Foodprints was a spin-off of sorts from an internal need, in order to maintain data transparency between Langit and their rice farmers, while ensuring that any issues with the rice can easily be traced back internally. The founders of Langit eventually thought of publicising some of this basic information to help raise awareness on what takes place beyond the product and at the same time, allow consumers to realise that what they’re consuming doesn’t come from a steel factory – but grown from the blood, sweat, and tears of a passionate person.
“It really makes a difference knowing how and where your food is grown,” Melisa shares. “As consumers we usually only know a bit about the brand, but not so much about the story behind it. Some may think it’s a bit premature of us to implement food traceability, but there’s no harm in starting early and waiting for it to catch on!”
Offerings as diverse as the land
As locals slowly develop more discerning palates and Langit continues to grow in popularity, so do the latter’s range of products. Now, The Langit Collective offers other local produce such as Sarawak pepper and ginger.

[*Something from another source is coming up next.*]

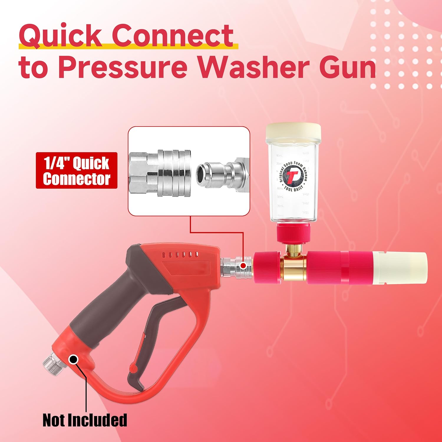 • EASY TO USE: Equipped with a 1/4” quick connector, the power washer foam cannon easily attaches to pressure washer guns or wands for quick setup. Before use, ensure the bottle is upright to allow the soap to flow properly

With an existing relationship with the ginger and pepper farmers in Sarawak, Langit was able to collaborate with more industrious and ambitious community members to bring their product to the Malaysian Peninsula.
With the pepper farmers, Langit hopes to bring single-origin peppercorns to the West, since commercial peppercorns sold in markets usually consist of different varieties.
As for the ginger farmers, they have been growing ginger as their cash crop of two generations – but have never tasted ginger in other forms. So what Langit did was introduce drying and grinding the ginger into a powdered version – is a form that’s more common for urban folks.
In another effort to support local, Langit has also begun extending its platform to slowly include other local artisanal brands, such as Mu Artisan Soy Sauce.
“As we grew our e-commerce presence, we got to know other peers within the artisanal food industry who share similar values of heritage,” Melisa adds. “We thought – why not have everyone on this shared platform? We do have plans to expand this idea of a platform, but we have to make sure the brands match our values. It’s important that we’re not just another marketplace, and that we share certain philosophies to help bring a lot of value to both the brands and the consumers.”